Using policies (IAM/SCP) to control who can attach Lambda extensions. For example, limit access to the UpdateFunctionConfiguration API.
Using code signing and profiles (AWS Signer) to prevent the introduction of unintended, untrusted extensions from being attached. For example, this limits risk in the case of compromised developer or CI/CD credentials.
Auditing existing extensions to confirm provenance and acceptable use.

We plan to make a dedicated post on this topic in the future.

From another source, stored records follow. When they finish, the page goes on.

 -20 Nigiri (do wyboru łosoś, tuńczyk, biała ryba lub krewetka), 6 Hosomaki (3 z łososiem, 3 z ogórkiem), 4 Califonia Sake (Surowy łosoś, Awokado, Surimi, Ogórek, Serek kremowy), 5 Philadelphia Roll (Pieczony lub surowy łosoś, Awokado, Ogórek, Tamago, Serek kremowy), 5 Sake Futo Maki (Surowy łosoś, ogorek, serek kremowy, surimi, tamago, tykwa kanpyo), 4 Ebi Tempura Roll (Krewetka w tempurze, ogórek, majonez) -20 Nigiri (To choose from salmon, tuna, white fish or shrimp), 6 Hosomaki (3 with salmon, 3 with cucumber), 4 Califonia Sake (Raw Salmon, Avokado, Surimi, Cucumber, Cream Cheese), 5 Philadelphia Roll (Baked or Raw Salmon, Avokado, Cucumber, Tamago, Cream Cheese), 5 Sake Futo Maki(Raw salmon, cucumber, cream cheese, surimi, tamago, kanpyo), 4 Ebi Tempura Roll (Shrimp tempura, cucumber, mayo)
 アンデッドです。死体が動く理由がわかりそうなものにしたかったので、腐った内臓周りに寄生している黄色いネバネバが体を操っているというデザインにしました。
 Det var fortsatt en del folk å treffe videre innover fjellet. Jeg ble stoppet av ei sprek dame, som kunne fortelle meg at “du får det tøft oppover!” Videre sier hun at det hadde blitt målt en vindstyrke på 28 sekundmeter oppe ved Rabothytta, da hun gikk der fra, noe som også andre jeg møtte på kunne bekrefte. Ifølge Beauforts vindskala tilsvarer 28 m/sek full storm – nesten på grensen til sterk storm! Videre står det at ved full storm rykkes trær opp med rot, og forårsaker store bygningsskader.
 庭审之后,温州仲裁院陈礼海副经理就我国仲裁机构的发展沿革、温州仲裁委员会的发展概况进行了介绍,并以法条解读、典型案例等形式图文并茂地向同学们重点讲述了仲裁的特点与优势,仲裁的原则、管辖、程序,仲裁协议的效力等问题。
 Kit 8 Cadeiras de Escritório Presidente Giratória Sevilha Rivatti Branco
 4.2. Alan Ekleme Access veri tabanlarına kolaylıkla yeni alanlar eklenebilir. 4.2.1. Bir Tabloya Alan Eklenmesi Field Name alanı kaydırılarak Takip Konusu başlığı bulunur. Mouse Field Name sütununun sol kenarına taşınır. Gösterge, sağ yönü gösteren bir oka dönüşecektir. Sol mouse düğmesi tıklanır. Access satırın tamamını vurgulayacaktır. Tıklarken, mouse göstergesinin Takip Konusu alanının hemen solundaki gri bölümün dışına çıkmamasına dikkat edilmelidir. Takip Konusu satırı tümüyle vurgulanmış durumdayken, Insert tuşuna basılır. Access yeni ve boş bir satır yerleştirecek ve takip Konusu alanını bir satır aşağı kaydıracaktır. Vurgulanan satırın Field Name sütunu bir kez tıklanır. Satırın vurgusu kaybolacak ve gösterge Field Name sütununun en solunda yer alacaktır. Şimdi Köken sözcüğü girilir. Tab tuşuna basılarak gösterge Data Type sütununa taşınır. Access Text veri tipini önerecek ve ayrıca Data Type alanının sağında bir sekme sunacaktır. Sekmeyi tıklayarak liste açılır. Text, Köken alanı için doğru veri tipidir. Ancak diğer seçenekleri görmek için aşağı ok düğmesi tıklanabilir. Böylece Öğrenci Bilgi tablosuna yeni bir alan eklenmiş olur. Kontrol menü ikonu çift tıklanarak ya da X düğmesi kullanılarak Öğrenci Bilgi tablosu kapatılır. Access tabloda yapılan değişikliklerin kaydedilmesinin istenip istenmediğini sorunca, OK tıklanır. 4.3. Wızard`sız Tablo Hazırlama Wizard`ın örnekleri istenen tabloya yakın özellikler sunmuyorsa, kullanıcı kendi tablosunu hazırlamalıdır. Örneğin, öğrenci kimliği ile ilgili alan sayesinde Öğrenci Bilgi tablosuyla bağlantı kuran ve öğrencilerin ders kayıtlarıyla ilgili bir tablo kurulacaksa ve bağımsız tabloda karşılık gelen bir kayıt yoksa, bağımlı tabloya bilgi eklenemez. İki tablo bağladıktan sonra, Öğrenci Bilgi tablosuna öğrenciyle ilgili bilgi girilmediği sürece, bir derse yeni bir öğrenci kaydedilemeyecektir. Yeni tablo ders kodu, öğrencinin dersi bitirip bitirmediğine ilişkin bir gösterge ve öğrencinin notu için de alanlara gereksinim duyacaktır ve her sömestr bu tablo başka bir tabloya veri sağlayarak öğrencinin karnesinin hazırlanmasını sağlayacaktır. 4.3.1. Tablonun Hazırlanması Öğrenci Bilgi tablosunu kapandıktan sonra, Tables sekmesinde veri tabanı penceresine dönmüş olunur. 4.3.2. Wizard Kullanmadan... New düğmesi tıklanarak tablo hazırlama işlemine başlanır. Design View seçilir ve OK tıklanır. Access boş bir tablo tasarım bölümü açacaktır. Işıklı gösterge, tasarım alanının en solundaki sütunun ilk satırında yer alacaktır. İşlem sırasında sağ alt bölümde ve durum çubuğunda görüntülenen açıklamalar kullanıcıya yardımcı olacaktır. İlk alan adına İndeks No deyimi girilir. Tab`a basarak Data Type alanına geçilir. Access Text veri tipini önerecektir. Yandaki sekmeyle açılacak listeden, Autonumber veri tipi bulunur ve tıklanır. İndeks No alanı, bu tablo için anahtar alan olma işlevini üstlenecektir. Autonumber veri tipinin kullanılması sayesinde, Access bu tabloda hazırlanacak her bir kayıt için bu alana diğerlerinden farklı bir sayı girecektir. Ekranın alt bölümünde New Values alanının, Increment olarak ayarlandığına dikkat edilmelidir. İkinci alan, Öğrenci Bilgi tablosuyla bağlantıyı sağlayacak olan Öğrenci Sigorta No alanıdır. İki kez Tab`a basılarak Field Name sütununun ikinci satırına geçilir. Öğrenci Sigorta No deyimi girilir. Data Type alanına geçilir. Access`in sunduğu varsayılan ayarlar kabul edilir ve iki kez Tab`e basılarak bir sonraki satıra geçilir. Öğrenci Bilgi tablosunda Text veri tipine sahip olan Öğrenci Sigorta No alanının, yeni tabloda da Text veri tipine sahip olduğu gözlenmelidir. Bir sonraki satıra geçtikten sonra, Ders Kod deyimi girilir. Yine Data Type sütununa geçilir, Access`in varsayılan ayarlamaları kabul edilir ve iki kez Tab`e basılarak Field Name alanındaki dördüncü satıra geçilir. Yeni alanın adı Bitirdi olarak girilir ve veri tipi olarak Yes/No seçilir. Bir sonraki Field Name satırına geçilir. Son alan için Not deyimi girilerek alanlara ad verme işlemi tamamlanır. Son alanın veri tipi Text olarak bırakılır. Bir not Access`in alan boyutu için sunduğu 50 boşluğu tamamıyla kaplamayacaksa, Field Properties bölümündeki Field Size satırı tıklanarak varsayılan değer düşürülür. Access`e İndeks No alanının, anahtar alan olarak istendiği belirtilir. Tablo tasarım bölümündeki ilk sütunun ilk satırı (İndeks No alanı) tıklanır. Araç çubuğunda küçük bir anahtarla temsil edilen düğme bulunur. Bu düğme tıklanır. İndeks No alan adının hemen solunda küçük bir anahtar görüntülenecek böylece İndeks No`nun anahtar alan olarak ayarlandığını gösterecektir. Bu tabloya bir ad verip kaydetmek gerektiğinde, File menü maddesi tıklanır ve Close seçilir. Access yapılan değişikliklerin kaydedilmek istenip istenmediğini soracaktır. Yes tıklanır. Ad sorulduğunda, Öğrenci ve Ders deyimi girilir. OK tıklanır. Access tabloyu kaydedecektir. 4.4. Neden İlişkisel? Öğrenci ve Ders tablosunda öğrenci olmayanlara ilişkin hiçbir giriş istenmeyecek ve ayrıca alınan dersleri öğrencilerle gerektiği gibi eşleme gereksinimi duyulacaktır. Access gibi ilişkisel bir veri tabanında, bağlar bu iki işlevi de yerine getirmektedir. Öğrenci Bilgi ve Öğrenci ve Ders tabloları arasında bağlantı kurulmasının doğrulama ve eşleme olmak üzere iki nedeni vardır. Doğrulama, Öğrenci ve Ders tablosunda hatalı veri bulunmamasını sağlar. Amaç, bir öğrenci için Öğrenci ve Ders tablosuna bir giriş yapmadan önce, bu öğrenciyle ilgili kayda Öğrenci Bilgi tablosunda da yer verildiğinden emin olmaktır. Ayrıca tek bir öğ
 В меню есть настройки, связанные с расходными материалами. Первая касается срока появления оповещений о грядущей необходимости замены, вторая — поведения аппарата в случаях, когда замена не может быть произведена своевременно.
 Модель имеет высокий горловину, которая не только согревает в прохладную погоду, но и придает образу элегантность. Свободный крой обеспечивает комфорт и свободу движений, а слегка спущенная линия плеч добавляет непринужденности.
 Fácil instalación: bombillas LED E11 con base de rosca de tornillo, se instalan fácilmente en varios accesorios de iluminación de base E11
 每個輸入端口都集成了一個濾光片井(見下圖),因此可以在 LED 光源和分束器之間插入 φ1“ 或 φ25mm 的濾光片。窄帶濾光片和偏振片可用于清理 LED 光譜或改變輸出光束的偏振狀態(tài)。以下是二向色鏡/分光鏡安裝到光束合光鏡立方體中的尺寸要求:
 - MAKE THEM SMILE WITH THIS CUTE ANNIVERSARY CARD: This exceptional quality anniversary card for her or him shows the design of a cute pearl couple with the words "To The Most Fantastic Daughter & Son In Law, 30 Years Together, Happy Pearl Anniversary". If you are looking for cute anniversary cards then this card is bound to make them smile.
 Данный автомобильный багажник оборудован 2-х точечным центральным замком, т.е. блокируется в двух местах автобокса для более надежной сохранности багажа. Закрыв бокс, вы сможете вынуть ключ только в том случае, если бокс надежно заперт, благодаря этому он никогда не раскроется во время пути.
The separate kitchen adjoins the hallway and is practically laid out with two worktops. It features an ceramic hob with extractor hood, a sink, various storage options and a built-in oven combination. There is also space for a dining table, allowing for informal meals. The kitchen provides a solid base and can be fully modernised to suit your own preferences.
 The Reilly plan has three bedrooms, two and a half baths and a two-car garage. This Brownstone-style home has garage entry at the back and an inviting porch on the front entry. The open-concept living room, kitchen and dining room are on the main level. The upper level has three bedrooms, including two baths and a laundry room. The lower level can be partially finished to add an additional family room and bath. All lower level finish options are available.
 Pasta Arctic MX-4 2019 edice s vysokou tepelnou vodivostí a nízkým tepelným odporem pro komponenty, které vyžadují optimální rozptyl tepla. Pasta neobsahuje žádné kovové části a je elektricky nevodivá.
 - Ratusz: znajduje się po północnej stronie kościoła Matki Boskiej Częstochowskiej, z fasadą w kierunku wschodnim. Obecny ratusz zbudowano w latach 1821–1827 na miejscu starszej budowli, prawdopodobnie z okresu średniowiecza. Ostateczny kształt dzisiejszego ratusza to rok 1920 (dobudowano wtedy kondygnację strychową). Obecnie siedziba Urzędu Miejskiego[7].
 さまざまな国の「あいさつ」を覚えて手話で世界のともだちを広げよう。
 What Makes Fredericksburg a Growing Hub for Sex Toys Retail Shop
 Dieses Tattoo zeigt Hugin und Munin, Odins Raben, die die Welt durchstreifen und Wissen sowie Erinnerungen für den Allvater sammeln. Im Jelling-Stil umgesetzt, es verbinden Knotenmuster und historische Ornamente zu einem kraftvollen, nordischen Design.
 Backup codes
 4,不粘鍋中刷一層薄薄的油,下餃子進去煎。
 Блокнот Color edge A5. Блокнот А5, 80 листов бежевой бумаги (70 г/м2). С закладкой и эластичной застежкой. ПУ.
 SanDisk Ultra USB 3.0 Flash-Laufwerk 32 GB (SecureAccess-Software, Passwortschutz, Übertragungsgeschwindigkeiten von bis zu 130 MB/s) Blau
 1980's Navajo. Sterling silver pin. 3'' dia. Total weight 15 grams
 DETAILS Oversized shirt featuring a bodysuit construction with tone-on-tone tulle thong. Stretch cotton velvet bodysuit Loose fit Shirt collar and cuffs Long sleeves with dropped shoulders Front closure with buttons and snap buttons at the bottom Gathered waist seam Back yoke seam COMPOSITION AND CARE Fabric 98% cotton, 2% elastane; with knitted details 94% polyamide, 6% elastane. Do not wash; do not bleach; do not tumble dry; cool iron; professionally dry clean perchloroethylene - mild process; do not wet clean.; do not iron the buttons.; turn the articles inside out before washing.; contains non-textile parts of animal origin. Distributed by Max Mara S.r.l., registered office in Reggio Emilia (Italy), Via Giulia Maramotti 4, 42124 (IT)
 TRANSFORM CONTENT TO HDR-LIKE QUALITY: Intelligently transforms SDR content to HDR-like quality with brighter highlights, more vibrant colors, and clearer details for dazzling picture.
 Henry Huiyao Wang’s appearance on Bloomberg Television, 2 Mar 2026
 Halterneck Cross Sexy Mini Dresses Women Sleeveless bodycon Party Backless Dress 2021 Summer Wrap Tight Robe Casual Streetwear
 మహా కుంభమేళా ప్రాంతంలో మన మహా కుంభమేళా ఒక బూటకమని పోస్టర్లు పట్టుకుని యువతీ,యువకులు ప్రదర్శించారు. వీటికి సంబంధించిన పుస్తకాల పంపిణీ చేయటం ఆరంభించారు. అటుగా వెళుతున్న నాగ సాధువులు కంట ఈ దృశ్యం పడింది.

In addition, after performing this research, ClearVector worked with the AWS security and AWS Lambda teams to understand and determine the current design decisions and security boundaries for Lambda extensions. We look forward to working with AWS in the future to help AWS customers understand the risk associated with Lambda extensions, and discuss possible architectural improvements to the Lambda sandbox to reduce the risk and impact of 3rd party or malicious Lambda extensions.

Conclusion

In this post, we discussed the challenge of persisting in a serverless environment, and demonstrated how an attacker might intercept, modify, or deny all activity that occurs within a Lambda execution environment. In addition, we explored ways to persist indefinitely in the Lambda execution environment. Finally, we released proof-of-concept code, LambdaSpy, and provided mitigation strategies.

This is only one avenue an attacker could potentially use to compromise a Lambda execution environment. There are many other environment variables that could be modified to directly influence the execution environment of Lambda. As the cloud computing landscape changes, attackers will be forced to adapt along with it.